As many North Caucasian spent days stuck in the Neutral Zone, Vayfond, a Chechen human rights organisation, launched a campaign to provide food and water for those stranded.
‘A person has the right to ask for asylum and must be heard’, the organisation told OC Media.
They accused Georgia of turning away refugees, not giving entry to people claiming that they were at risk because they opposed the current government in Chechnya.
‘A civilised country should provide asylum if it is acting in the spirit of the universal declaration of human rights.’
A protest also took place in Tbilisi, organised by a group of young activists from Georgia’s Pankisi Valley
The protest, primarily attended by Kist (a Chechen subethnos living in Pankisi) and Circassian activists, took place in front of the parliament building.
Shmagi Sakharadze, one of the organisers of the protests, said that Georgia should, in fact, treat residents of the North Caucasus more favourably than Russians from other parts of the country, not less so.
‘I believe that Caucasians should not be impeded from arriving in Georgia.
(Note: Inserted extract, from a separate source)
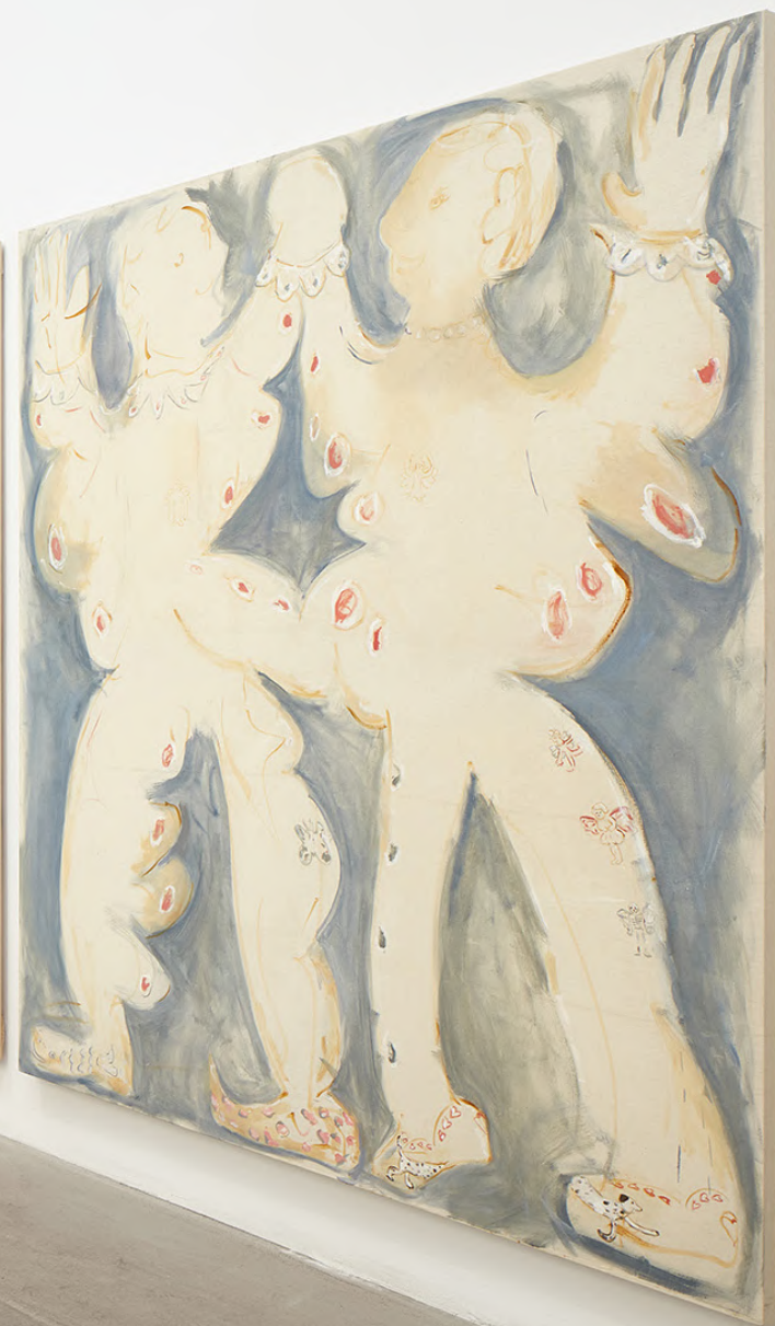
Mock Yourself , installation view, Nevven Gallery, Bologna, 2024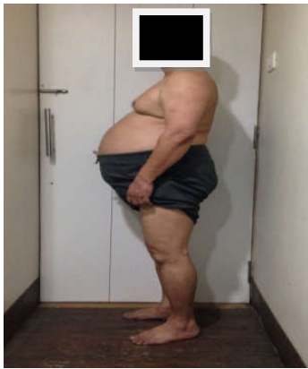
Fig. 2. Shows an overweight elderly senior with U.I. wearing an adult diaper

Look at today’s rally, there are [slogans saying] “no to mobilisation” and “no to discrimination”’.
‘I believe that Caucasians should not go to Putin’s war in Ukraine as cannon fodder and also, they should not face problems when crossing the Georgian border. I think that the entire Caucasus [region] — be it Tskhinvali or Sokhumi, or the North Caucasus — is occupied,’ says Samkharadze.
On 29 September, Ukrainian President Volodymyr Zelensky issued a video address similarly suggesting North Caucasian unity against the Russian invasion of Ukraine, urging people of the North Caucasus to do what they could to avoid participating in Russia’s ‘disgraceful war’.
‘Daghestanis don’t have to die in Ukraine. [Neither do] Chechens, Ingush, Ossetians, Circassians, or any other people who came under the Russian flag’.
Stuck outside Room 222, Umarkhadzhiev also did not sit idly. He instructed one of his nephews, Timur, who holds Belgian citizenship, to contact the Belgian consulate in Tbilisi for help. Then, he instructed his son to find other people with dual citizenship in the hall, whom he helped write appeals to several embassies.
Umarkhadzhiev and Timur also wrote a petition to the European Parliament, the UN, and several other international organisations.
‘[Then], everything started to stir’, the businessman says, as people finally were being allowed entry into Georgia.